# Unexpected Kids!



## JT3 (May 1, 2011)

Well it happened...we had a few does that came into heat and obviously got really close to the buck we had for a few weeks in the neighboring fence.

Needless to say WE HAVE BABIES! lol

I thought the buck was probably the worst looking that we have ever owned but...he has thrown the BIGGEST framed kids and highest weight kids that we have ever had. Who woulda thunk it?

We have never had an all red boer on our farm but now we have a doe that is! her sister is traditional...go figure. So needless to say it will be exciting to see how she turns out.

We have 6 total on 4 does.

I may try and get pics later...forgot how fun and cute kids can be.

Anyone else ever had unexpected kids?


----------



## nchen7 (Feb 25, 2013)

oh fun! congrats!!! can't wait to see the pictures!!


----------



## Scottyhorse (Feb 11, 2013)

Congrats on the kids! No unexpected kids here yet.


----------



## nancy d (Oct 5, 2007)

Congrats JT!! Looking fwd to pics.

One year we had surprise babies. The doe was always a tank. One fine May Bob & I were working fence without a view.
The LGD growled at a yrling.
A few minutes later heard the squall of a newborn. Ran down there in time for the other two kids, LGD was busy licking them off.


----------



## Crossroads Boers (Feb 19, 2011)

Congrats!!  That's awesome. Glad you like the kids! I'd love to see pics.  
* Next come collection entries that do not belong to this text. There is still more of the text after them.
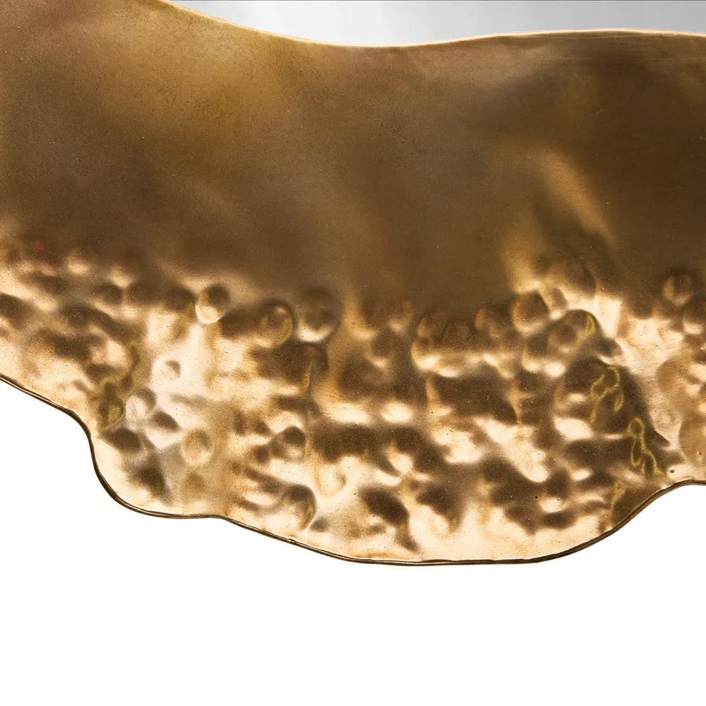 The York Wall Mirror brings a bold sculptural touch with its organically shaped, textured iron frame, finished in an eye-catching electroplated gold. This versatile piece doubles as both a functional mirror and a statement artwork, featuring a clear, flat glass surface and convenient built-in hooks for easy vertical or horizontal mounting. Encased and lightweight, it seamlessly fits modern, eclectic, or luxurious interiors, adding artistic flair and metallic elegance to living rooms, entryways, or bedrooms.
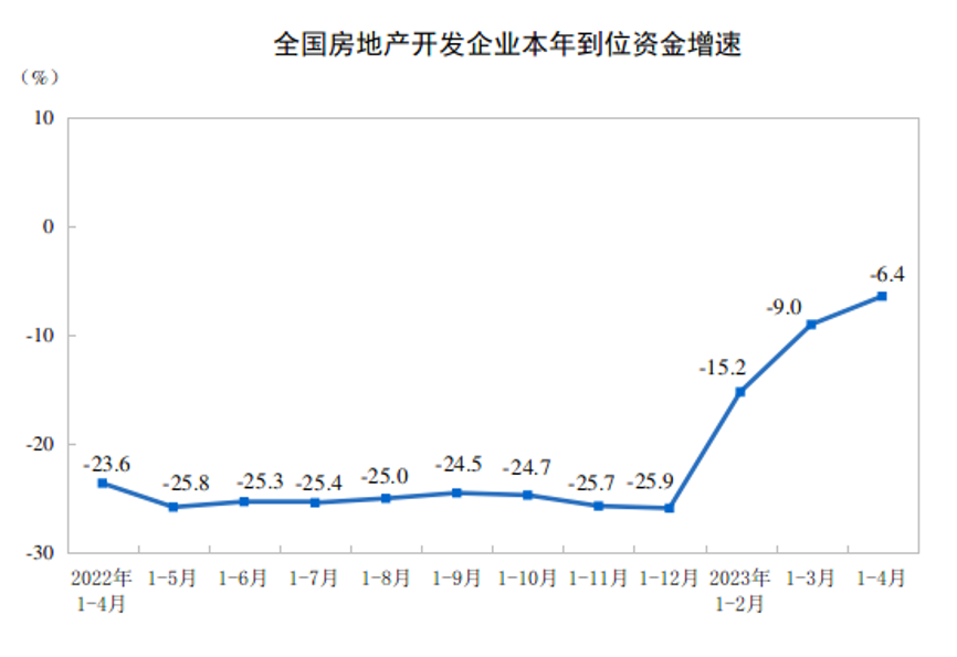 1-4月份,房地產(chǎn)開(kāi)發(fā)企業(yè)到位資金45155億元,同比下降6.4%。其中,國(guó)內(nèi)貸款6144億元,下降10.0%;利用外資12億元,下降69.6%;自籌資金12965億元,下降19.4%;定金及預(yù)收款15925億元,增長(zhǎng)4.0%;個(gè)人按揭貸款8222億元,增長(zhǎng)2.5%。
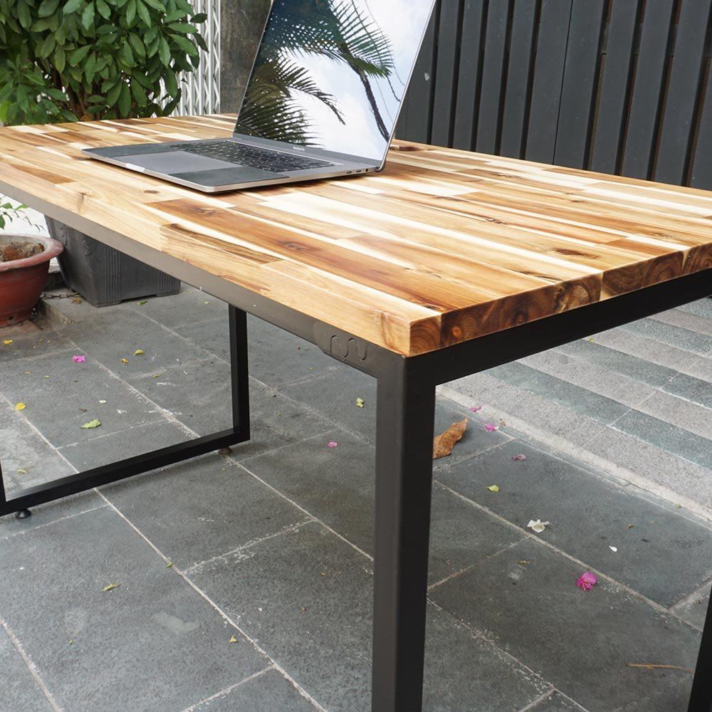 Mặt bàn gỗ tràm dày 25mm được xử lý màu đẹp mắt là điểm nhấn cho không gian làm việc của bạn
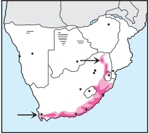 Normal call is a thin, plaintive ‘tweetoo, twee-ee' given frequently, often the first clue to its presence (similar to co-occurring Swee Waxbill). Pairs and small parties frequent tree canopies in 'forest's at all altitudes, as well as adjacent 'forest'ed kloofs and plantation fringes.
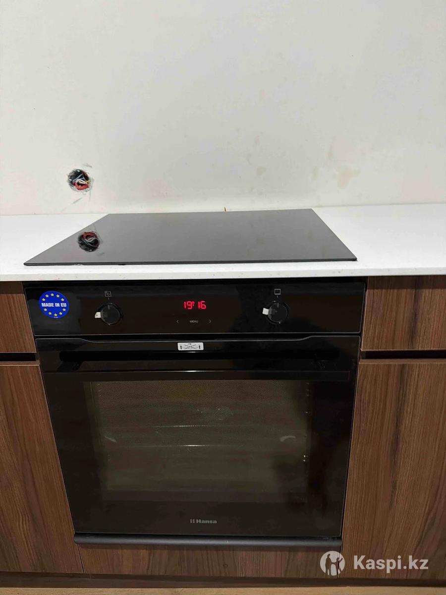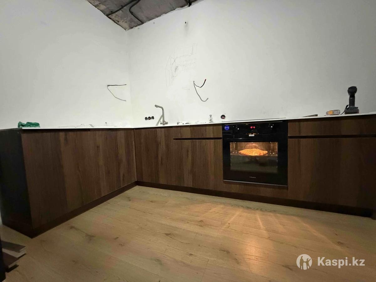 Новый кухонный шкаф из Egger и столешница из искусственного камня. Размер примерно 3м на 1,10м. Скрытые ручки, есть остатки материалов. Без техники, но с раковиной. Адрес Байтурсынова 36
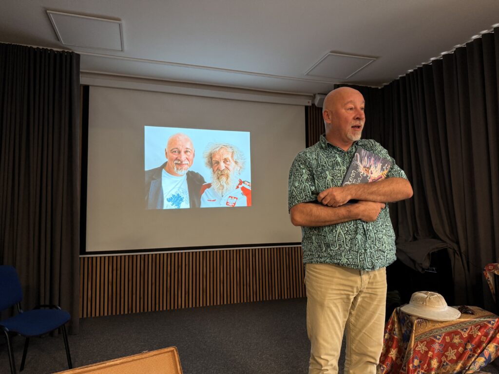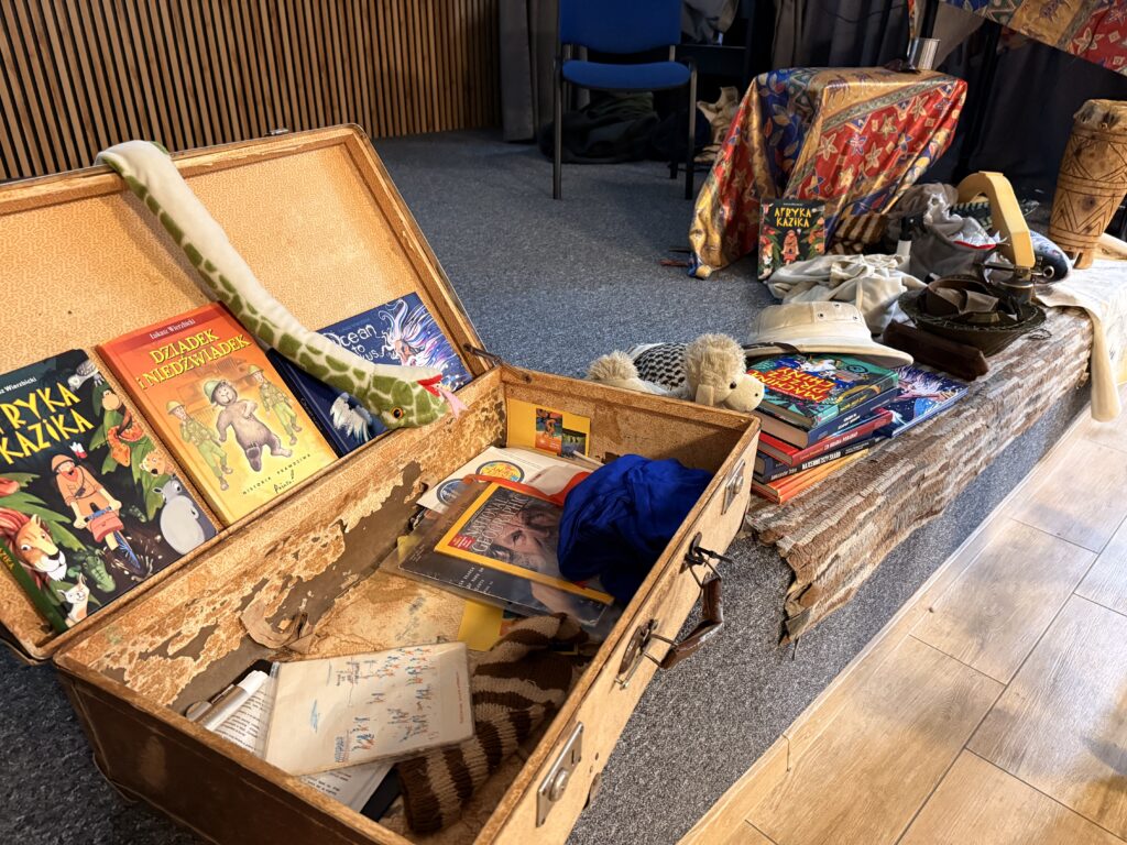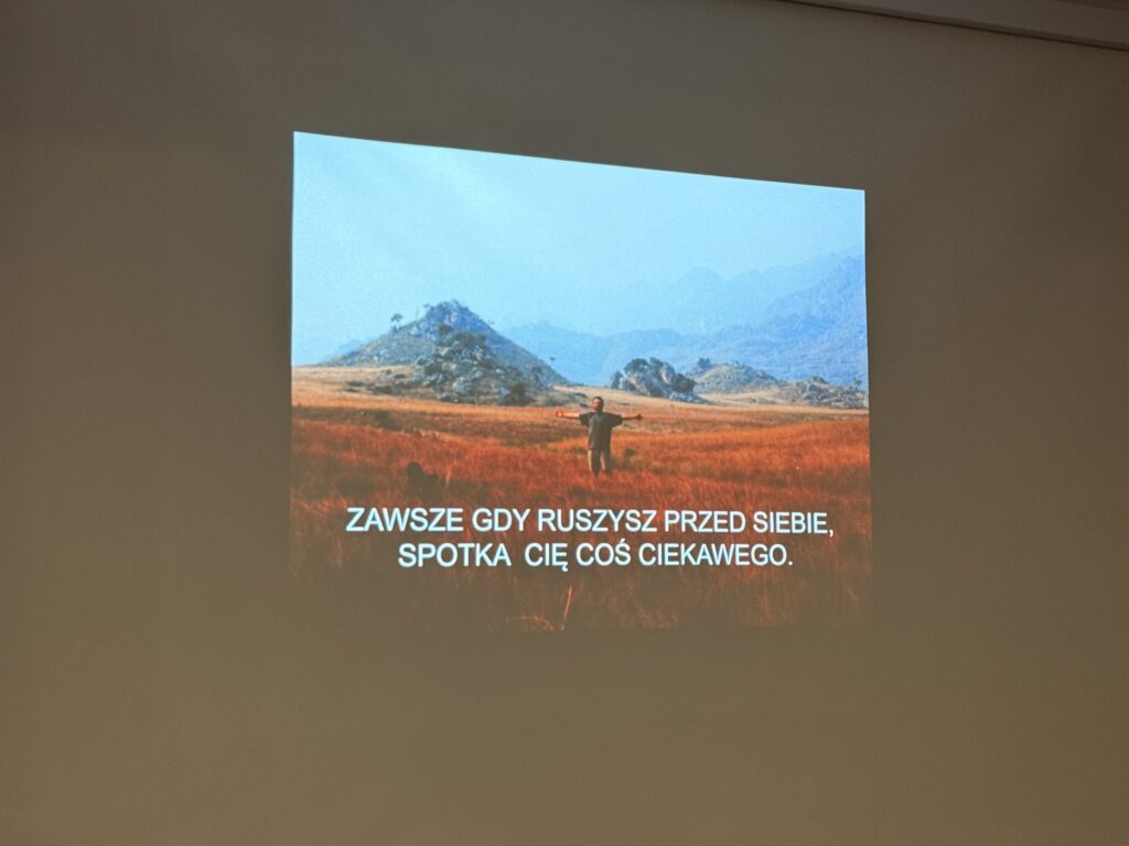 Pokazując prezentację multimedialną, umożliwił uczniom odbycie wirtualnej podróży po dalekiej Azji i Afryce. Opowiedział też o niedźwiadku Wojtku, autentycznym przyjacielu żołnierzy z Armii Andersa, przez co przybliżył fragment historii II Wojny Światowej, dotyczącej szlaku bojowego II Korpusu Polskiego i Bitwy o Monte Cassino. W trakcie spotkania poznaliśmy również inspirującą historię Aleksandra Doby – podróżnika i kajakarza, który jako pierwszy samotnie pokonał kajakiem Ocean Atlantycki.
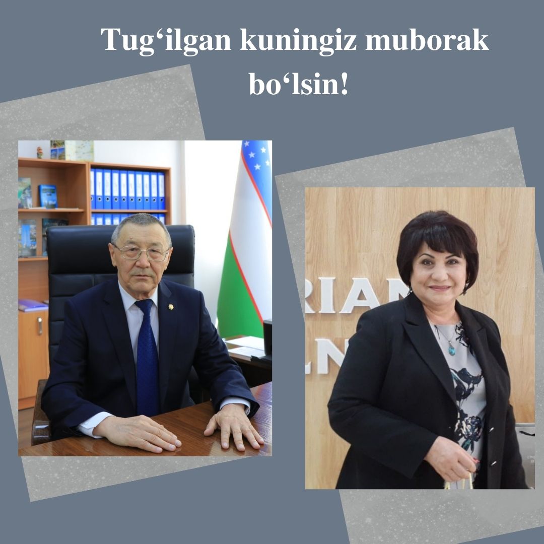 Бугунги кун муносабати билан университет жамоаси туғилган кун соҳибларини самимий муборакбод этиб, илмий ишларига мувафаққият, узоқ умр, сиҳат-саломатлик, тинчлик-хотиржамлик тилайди.
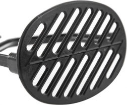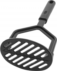 Det ergonomiske håndtag ligger godt i hånden og muliggør behagelig og jævn presning. Den brede arbejdsflade med slidser sikrer glat kartoffelmos, men klarer også anden kogt grøntsag og frugt. Efter brug kan den nemt vaskes i opvaskemaskinen og hænges på en skinne takket være hullet i håndtaget.
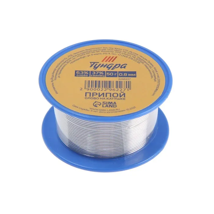 Припой ТУНДРА, ПОС 63, на катушке, 0.8 мм, 50 г — Характеристики
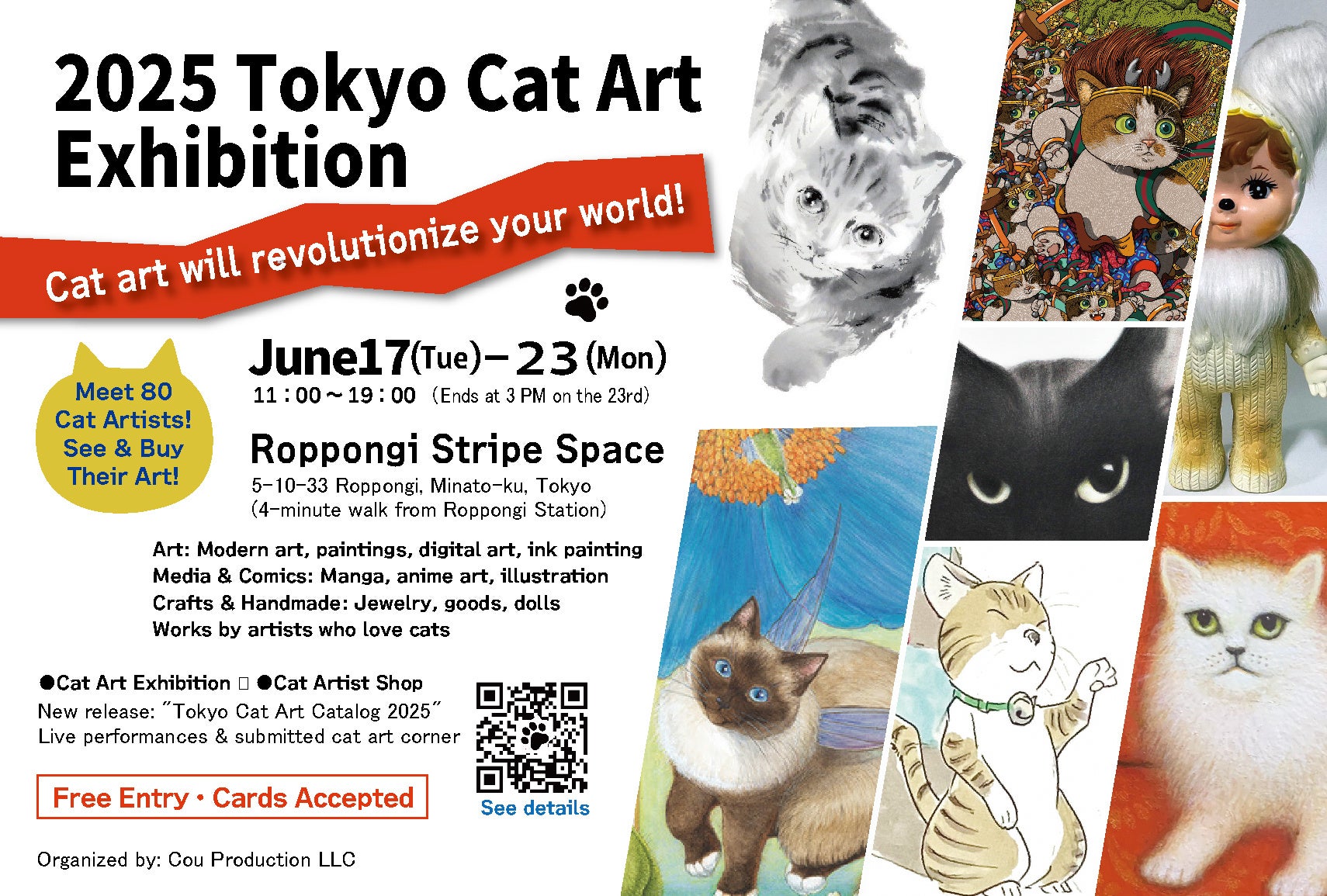 香プロダクション合同会社(東京都中央区、代表 鋤柄よし子)は、2025年6月17日〜23日に六本木ストライプスペースで開催した「東京猫美術展2025」を大盛況のうちに終了しました。次回は「猫の日イベント」の週(2026年2月20日〜25日)に「O美術館」(JR山手線大崎駅前)での開催が決定。全国各地でのコラボ美術展開催、医療施設へのアートレンタル、アートコンテンツ提供、コラボ商品企画、セミナー講師・アーティスト派遣、海外向けアート制作、広告出稿など、猫アートを活用した事業連携パートナーを広く募集します。
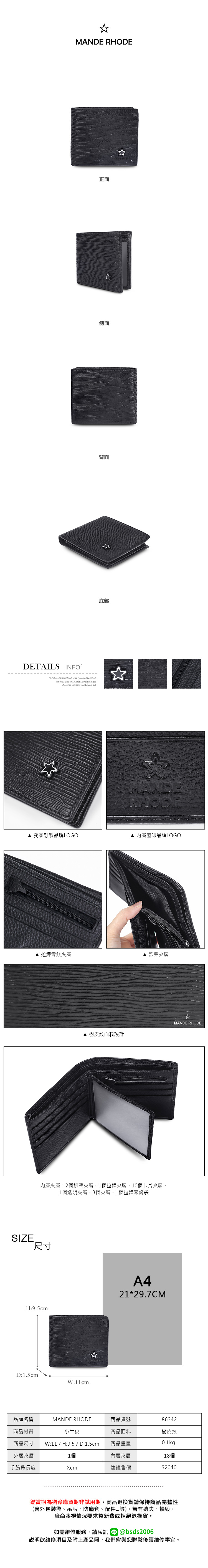MANDE RHODE - 曼德羅德 - 真皮訂製樹皮紋短夾(內有左右隔層) - 86342
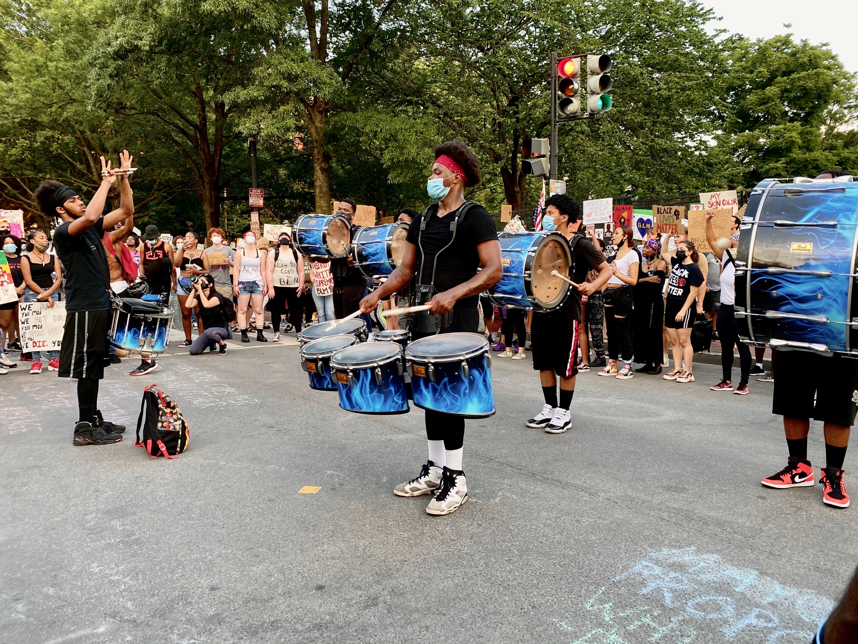 The twelfth day of protests in D.C. was slow. There weren’t many sustained chants for the most part, and only a couple of marches came through. But Black Lives Matter Plaza was still blocked off by law enforcement, and hundreds of protesters came in and out throughout the day. This section of 16th Street, it seems, is turning into a home base, for now, a place where protesters can eat and sing and drum and dance.
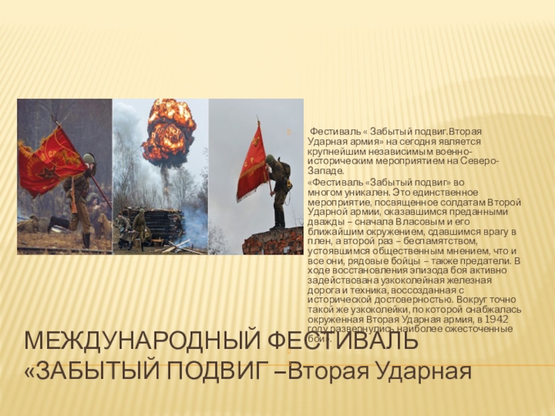 Слайд 3Международный фестиваль «Забытый подвиг –Вторая Ударная
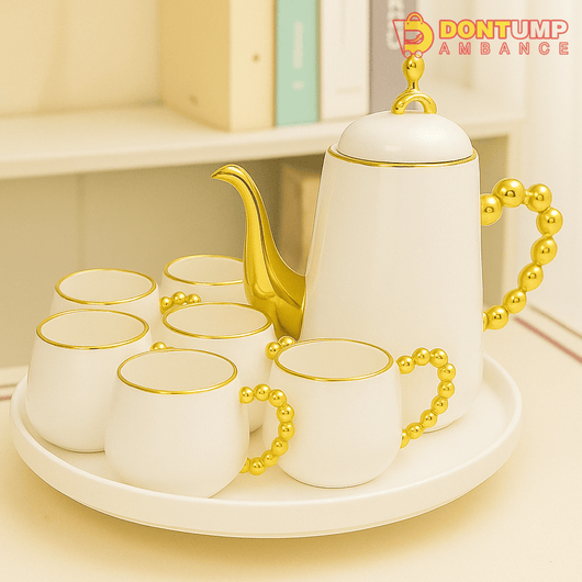 Luxury White & Gold Ceramic Tea Set – 7-Piece Elegant Serving Set with Decorative Handles
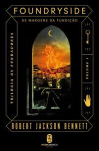 ![[Resenha] Foundryside – Às Margens da Fundição – Robert Jackson Bennett Capa do livro. Um comôdo totalmente escuro, dando vista para a paisagem externa vista através de uma janela em modelo antigo e topo ovalado, no centro da capa. A paisagem é composta por uma lua crescente no céu, e diversas casa ao fundo, onde muitas estão pegando fogo. Na beirada da janela, uma pessoa em meio as sombras, sentado e com roupas escuras e capuz. Topo o título do livro, e o texto](https://leitorcabuloso.com.br/wp-content/uploads/2022/02/Foundryside-Site-696-390.jpg)

Nope, no unexpected kids yet anyways... 

BTW... you can just send the red doe to me. I'm not a huge fan of reds, but I'd like to do you a favor, so...


----------



## georgiagirl98 (Jun 30, 2013)

Awesome! We need to see some pics!


----------



## Scottyhorse (Feb 11, 2013)

Crossroads Boers said:


> BTW... you can just send the red doe to me. I'm not a huge fan of reds, but I'd like to do you a favor, so...


You can send Liberty my way then


----------



## Crossroads Boers (Feb 19, 2011)

Uh... well I said I wasn't a HUGE fan. I am A fan... just not a huge one!!  I'd call Liberty a paint though, as she does have a little white on her.


----------



## MsScamp (Feb 1, 2010)

JT3 said:


> Anyone else ever had unexpected kids?


Oh yeah! I walked out to the pens the 22nd of March 2013 and discovered a set of triplets that were not supposed to be there. Did a check of the girls in that pen and discovered 2 more that were bagging up. They delivered the first part of April. :laugh: I also have a buck that fits the description of your buck - he isn't anything to look at, but he does throw some good looking kids! Congratulations on your new kids, and they are so much fun! I don't particularly enjoy being on kidding watch, but I do love the little ones!


----------



## tgmommy (Mar 10, 2013)

I am glad everything worked out for you. Last winter one of our young boer does (6months) got bred and it wasn't until a few weeks before labor we noticed. She also was kept in a seperate field from the buck but I guess when there is a will there is a way.Unfortunately, she prolapsed and ended up with a c-section.She was carrying twins but we were guessing that her labor started around a month early. Needless to say we lost both of her kids :'( I am hoping it was because she was young. We are going to try a breed her again and are hoping for less complications.


----------



## MsScamp (Feb 1, 2010)

Please keep a close eye on her when she gets closer to kidding. Generally speaking, once they have prolapsed it is probable they will do it again. I wish you and you doe the very best!


----------



## usamagoat (May 2, 2013)

wow. lucky! always should luv anny gooaaat!


----------



## JT3 (May 1, 2011)

Two more born this morning, the coldest day of the year...and one was 12 pounds at birth...12 freaking pounds.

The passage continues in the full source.